Thinks
嬉泉の想
「課題を媒介とした交流」
かつては、「石井哲夫先生、ああ受容ね」と軽く言われ、しかもその受容とは子どもの好きなようにふるまわせることだと誤解されることがあったような気がします。しかし、交流を目指してこその受容であり、その交流も、まずはこちらから相手に寄り添っていく安定中心の交流から始めるけれども、いつまでもそこにとどまっていたのでは自閉症の人の内面は変わらない、砂上の楼閣のようなもので状況の変化によっていつ崩れてしまうかわからない、次のステップとして課題を媒介として人との関わりに誘う積極的な交流へと進む、それこそが受容的交流療法の本命なのだ、という肝心なところはなかなか理解してもらえなかったようです。課題を媒介とした交流の実践は難しいけれども、難しいからと言って手をこまねいていたら、受容的交流療法は宝の持ち腐れになってしまいます。

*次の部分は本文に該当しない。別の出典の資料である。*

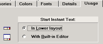 ![]() 4.3 Start Instant Text in Lower Layout In version 3, this was done with the /W command line parameter. Version V makes it easier to specify and this is the default option upon installation.

先生の著書を拝読していると、「わたしもなるべく分かりやすく伝えようとはするが、あなたもそれなりの読み解く苦労をしなさいよ」という声が聞こえてくるような気がします。先生の関心は何よりも、仮説を立ててはつぶしての実践を積み上げてその結果を理論化することにあったのです。その成果を分かりやすく読み砕いて伝わりやすくするのは、先生の志を継ごうとする人たちの務めでしょう。私も微力ながらそのお手伝いをしたいと思います。
いま私は袖ケ浦で、就労2年目の職員を相手に年5回の心のケア研修をさせていただいています。そのなかで私なりの理解をもとに、若い職員が課題を媒介とした交流の真髄を学び、行く行くは石井先生の実践レベルに少しでも近づくことを目指して、まずは初歩的な取り組みを身に付けて頂く試みをしています。それには、頭(理論)と心(内省)と体(実技)とがひとつになった学びが必要ではないかと感じているところです。